Tamiko Ono
Tamiko Ono joined the JST Integration Promotion Program as a research assistant for the Kinoshita Lab in the Soka University Faculty of Science and Engineering in September 2017 and has been engaged in developing the GlyCosmos portal and collecting relevant data.
Kiyohiko Angata
After completing his doctoral studies at the University of Tsukuba Graduate School of Life and Environmental Sciences, Dr. Angata studied glycobiology at the La Jolla Cancer Research Foundation (presently the Sanford Burnham Prebys Medical Discovery Institute) under the tutelage of Professor Minoru Fukuda. In his current position at the National Institute of Advanced Industrial Science and Technology of Japan, he is conducting research to analyze glycan gene expression and new glycan functions, to find commercial applications of glycans, and to develop a glycan-related database (ACGG-DB).
In this seventh installment of this series, biological pathways involving glycoproteins, glycan-related genes relevant to disease, and a database on infectious diseases and glycans will be described. To understand the functional aspects of glycans, it would be useful to know which proteins are glycosylated, and the pathways involving glycoproteins (GlyCosmos Pathways). In addition, glycans are known to have a role in the pathogenesis, pathophysiology, and progression of a variety of diseases. This article also introduces diseases caused by mutations of genes involved in glycan synthesis and glycan degradation, and covers the features of databases on the relationships between infectious microorganisms and glycans (GDGDB and PACDB).
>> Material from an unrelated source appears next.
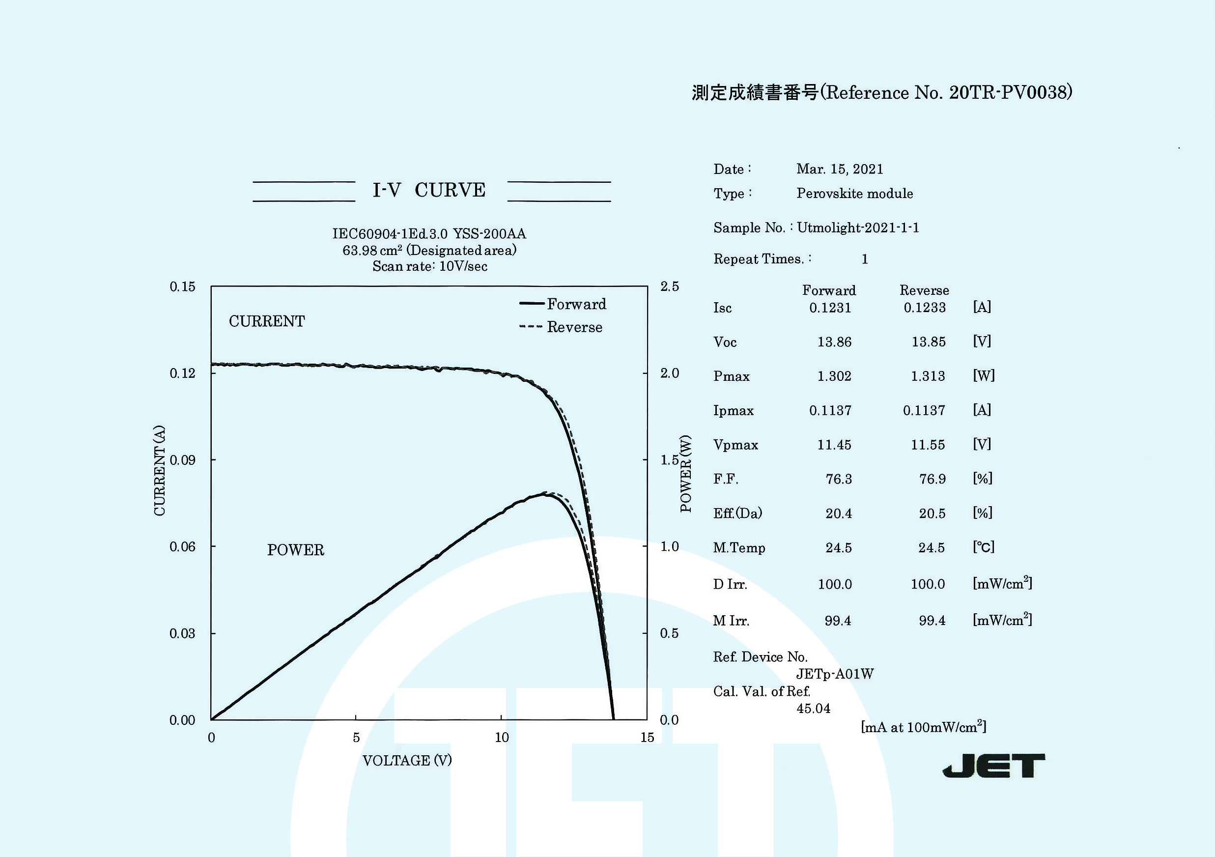 据悉,经全球权威测试机构JET(日本电气安全环境研究所)严格检测,极电光能在63.98cm2的钙钛矿光伏组件上实现了破世界记录的20.5%的光电转换效率。目前团队也将三大技术应用在30cm×30cm的更大面积的钙钛矿光伏组件上,预计效率将突破19%。

One of the most important issues in glycan research is the elucidation of the functions and roles of glycans. Previous installments in this series have introduced databases of structures of glycans, glycoconjugates, and molecules related to the biosynthesis and recognition of glycans. Of the glycoconjugates, glycoproteins in particular, are involved in a wide range of cellular functions, and a database, known as GlyCosmos Pathways, has been developed which enables searches for interactions with other molecules and outputs the results visually. Although there are other databases of binding molecules and pathways such as NCBI Gene and KEGG PATHWAY, GlyCosmos Pathways is distinguished by its focus on glycoproteins and the automated visual output that helps advance understanding of the localization and interaction of glycoproteins.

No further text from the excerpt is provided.